Have fun with your new potential partner and remember, this is only the starting point — there’s always something new to learn, master and delve into, so enjoy the journey! If you’re looking for additional guidance and training resources, check out the Top 10 Best Service Dog Training Resources.

What did your Service Dog learn first? Would you do things differently if you could do it over? Have something you feel should be on this list, but isn’t? Chime in with a comment and let us know what you think.


Learn more about voluntary, community-defined training and behavior standards for handlers and their Service Dogs at




  • GB August 8, 2014

    Where’s housetraining on this list?

  • Anne Mills October 7, 2014

    In basic puppy training, the trainer had me put the dog in a “sit” and then “down”. Since the commands were so closely given and the trainer didn’t have me correct the “down action” even tho’ the down command may not have been given, the dog now thinks that sit and down are the same command and both mean “down”. When I was teaching him “halt” (stopping abruptly), he automatically did a “sit’ on his own if he was in “heel”. Now, while he is in “heel”, he sits on “halt”. When he is coming towards me, he stops on halt, but doesn’t sit, unless I give the “sit” command and then he goes “down”. What would be the best way to straighten this all out. He is a 2 YO Standard Poodle. He was too impatient to use food rewards and I am too uncoordinated to use a clicker. He is trained by repetition and praise.
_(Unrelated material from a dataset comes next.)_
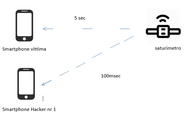 L’attaccante innanzitutto si vorrebbe assicurare del fatto che il saturimetro non dovrà rispondere più all’applicazione android dello smartphone vittima, per far ciò utilizzerà uno smartphone hacker nr 1 impostato con un delay minore di scansione, all’incirca ogni 100 msec rispetto al delay dello smartphone vittima di 5 sec. Questa situazione si tradurrà in questo modo: all’accensione del dispositivo saturimetro lo smartphone hacker nr 1 avrà una probabilità maggiore di rilevare i pacchetti di adversiting inviati dal saturimetro rispetto alla probabilità dello smartphone vittima.

    • Brendalyn May 10, 2016

      Wow that’s insane that has never happens to me!! 😮

    • Brianna K Towe April 30, 2017

      You could use a word to substitute the clicker. I use yes if I don’t have a clicker on me. Slowly work on sit saying yes before he lays and praise then even if he does lay after. Only give praise on sit then work on lay as a separate command

  • Jessamy J'anguisette November 20, 2014

    Trust, housebreaking, calm, name, mat.
    The first behavior learned usually becomes the default behavior for life.. as evidenced by the sit/down default behavior experienced by Anne, above. Above all, I want my dog to trust me. Everything else, really, is secondary.

  • Starfelia January 27, 2017

    Great post! When it comes to living with dogs, there are many different opinions on how to raise them, treat them, house them, and train them. Just like with children, everyone has a different way of “parenting” their pets. With that said, most agree that basic obedience training is essential for all dogs, regardless of age, size, or breed. In fact, many even agree that there are some basic commands that should be taught to all dogs, and it’s very important communicating effectively.

  • Cheyenne Murray March 14, 2017

    How late is it to start a dog for service dog training

    • Micayla Arnold November 25, 2017

      Depends on the dog. It usually takes 1-3 years to train a service dog and its recomended as a puppy but I know people who trained their dog at the age of 2-6 just depends on the dog because sometimes the dog retires from working at the age of 6 but sometimes they work until 12

  • Karla Wolfson August 26, 2017

    Very important to me is walking on a leash without pulling or becoming distracted. Now you just tell me how to do that, PERFECTLY. I am 63 years old and disabled. I have a 3 yr old Rhodesian Ridgeback that I rescued from the Miami Basin as a little puppy tied up to a nasty garbage can. We are bonded for sure. He is well socialized and a very kind and overly friendly companion. He has been to kindergarten class, puppy class, beginning obedience class and etc., still he is a strong, 120 lb. Dog.

    • Marissa September 7, 2017

      I use a head harness and it literally eliminates pulling. If you pull on the lead it just pulls the dogs head inward toward your leg so they have to stop. When I do this with my service dog she looks up at me for new instruction which is helpful. Every dog is different though.

  • Blake B November 19, 2017

    I use a hand harness, it works well for my dog

  • Heather Daly January 9, 2018

    This is a great article. I would encourage the writer to embrace both male and female dogs and perhaps interchange “he” with “she” as a way to include both genders.